Extractive industries transparency: News from G8 and Democratic Republic of Congo
Despite billions of dollars in revenues from oil, gas, timber and mining, many developing countries struggle to translate these revenues into better development outcomes. One of the reasons is that large revenue inflows undermine accountability of government. We’ve highlighted this issue in the context of PNG on this blog, as well as suggesting that transparency can support accountability.
Over the last couple of weeks there have been some interesting developments on resource industry transparency. The G8 recently endorsed the disclosure of extractive industry payments to governments. The G8 Deauville Declaration welcomed:
complementary efforts to increase revenue transparency, and commit[ments] to setting in place transparency laws and regulations or to promoting voluntary standards that require or encourage oil, gas, and mining companies to disclose the payments they make to governments.
And this week we learned about an a transparency initiative in the Democratic Republic of Congo (DRC) to make all contracts involving mineral, timber, oil and gas concessions public within 60 days of signing. These are both welcome steps towards opening up the resources sector to greater scrutiny in developing countries.
For more information or natural resource transparency see the Extractive Industries Transparency Initiative, the Natural Resource Charter and Publish What You Pay.
Crowdsourcing feedback on service delivery
Another dimension of accountability that we’ve explored in this blog is feedback from citizens to service providers and the potential for mobile technology to be used to crowdsource feedback on service delivery. We’re not the only ones discussing this new opportunity.
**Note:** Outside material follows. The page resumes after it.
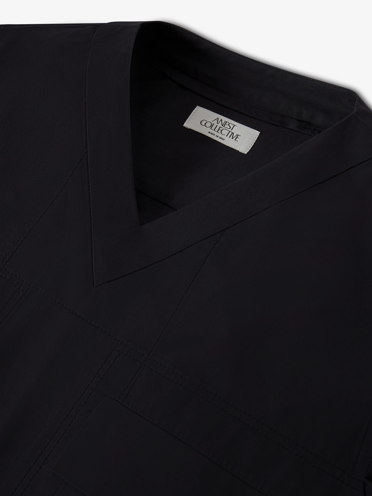 COTTON POPELINE V-NECK SHIRT (FARE PROVA CUCITURE ARGENTO) IN MIDNIGHT BLUE

The idea is gaining traction in the development community and pilots are taking place in Africa.
The Guardian’s Poverty Matters Blog has a interesting article ‘Crowdsourcing put to good use in Africa’ that discussed crowdsourcing pioneer Ushahidi and an interesting pilot program in Kenya’s education sector.
The idea behind Huduma (the Swahili word for service) is that people can send – by text, email or Twitter – reports on the performance of services in their district, explains Erik Hersman, one of the founders of Ushahidi. This will then be mapped on the Huduma site and the responsible authority will be identified.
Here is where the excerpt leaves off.